The coefficient of friction is $\mu_s = F_H / N_{total}$ . Using the calculated $\sin\theta = 2/7$ and $\cos\theta = 3\sqrt{5}/7$ : $\mu_s = \frac{T(3\sqrt{5}/7)}{40 - T(2/7)}$ . This expression will always contain $\sqrt{5}$ unless $T$ is related to $40$ in a specific way that cancels it out. Since the options are rational, this interpretation is likely not the intended one.

The interpretation that leads to a rational answer is the one where $x=24$ cm, $H-h=10$ cm, and $L_1=26$ cm. This means the string is attached to the wall at 20 cm, and to the pulley (on B) at 10 cm, with a horizontal distance of 24 cm. The remaining string length is $L_2 = 35 - 26 = 9$ cm. If the string from the pulley goes horizontally to A (at 10 cm height), then this is consistent. Then $\sin\theta = 5/13$ and $\cos\theta = 12/13$ . The horizontal force on the system is $F_H = T(1+\cos\theta) = T(1+12/13) = T(25/13)$ . The normal force on the system is $N_{total} = (m_A+m_B)g - T\sin\theta = 40 - T(5/13)$ . $\mu_s = \frac{T(25/13)}{40 - T(5/13)}$ . If $T = 520/33$ N (derived from assuming $\mu_s=3/7$ with the other interpretation), this value of $T$ is arbitrary here.

Let's assume the problem intends for the setup where the string pulls the system horizontally, and the vertical forces on the system from the string cancel out. This means $T\sin\theta_1 = T\sin\theta_2$ (if there are two segments). If $\theta_1 = \theta_2$ , then $L_1=L_2=17.5$ cm. $x = \sqrt{17.5^2-10^2} = \sqrt{206.25}$ . Still not rational.

Given the options, and the ambiguity, the problem likely relies on a specific geometry or a common simplification that is not fully detailed. The most common interpretation for such problems leading to rational answers is often based on Pythagorean triples for string lengths. If we assume $x=24$ cm, and the vertical drop is 10 cm, then $L_1=26$ cm. This leads to $\sin\theta=5/13$ and $\cos\theta=12/13$ . If the string pulls the system horizontally, and the normal force is simply $Mg=40$ N (implying vertical components of tension cancel out, or are negligible). Then $\mu_s = F_H / 40$ . If $F_H = T\cos\theta$ (string directly to B). Then $\mu_s = T(12/13)/40$ . Still depends on $T$ .
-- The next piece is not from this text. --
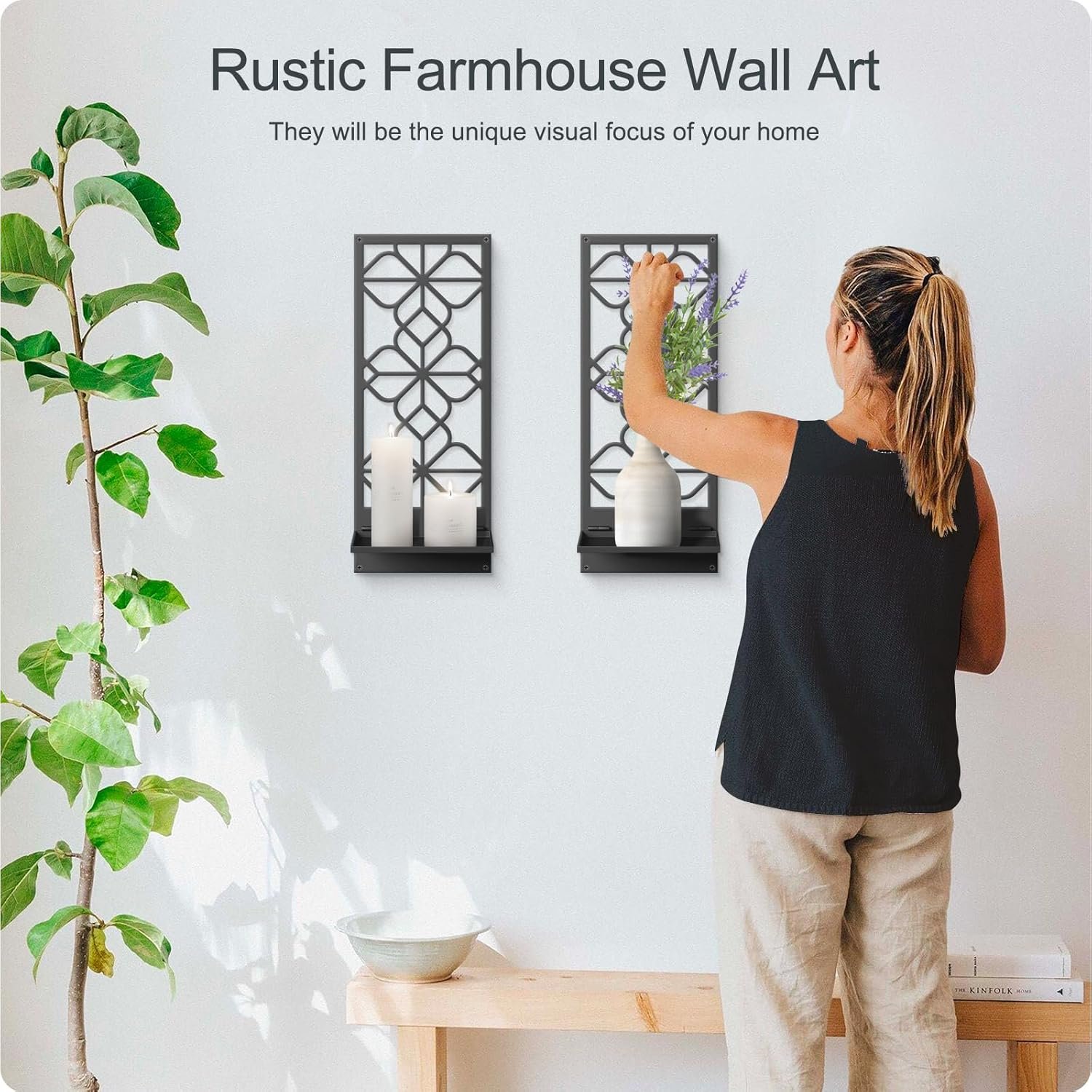 Unique Decor: Open your artistic talents to match multiple rustic ornaments with these black metal wall candle holder . with candles, jars, vases, small plants, or other decorative pieces standing on the sconces, they would be unique rustic wall decors for your home.
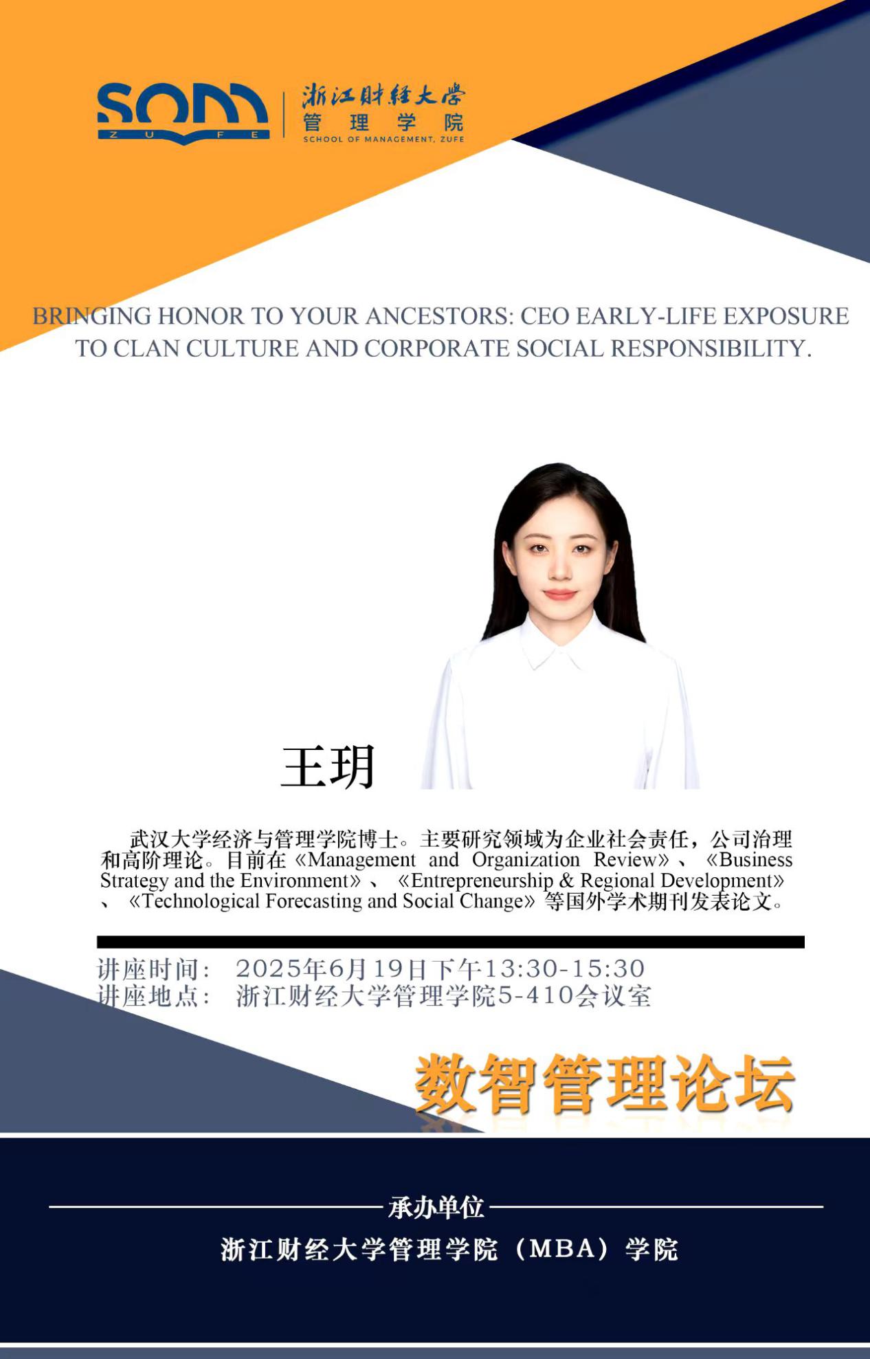 番茄小说 新财经战略系列学术活动2025年第43期【学术报告】王玥:Bringing Honor to Your Ancestors CEO Early-Life Exposure to Clan Culture and Corporate Social Responsibility

This problem is poorly formulated. However, if forced to pick an answer from the options, and considering typical exam problem patterns, the value of $\frac{3}{7}$ might arise from a specific combination of forces or a simplified model. Without further clarification from the problem setter or a standard convention for this exact ambiguous setup, a definitive derivation is challenging.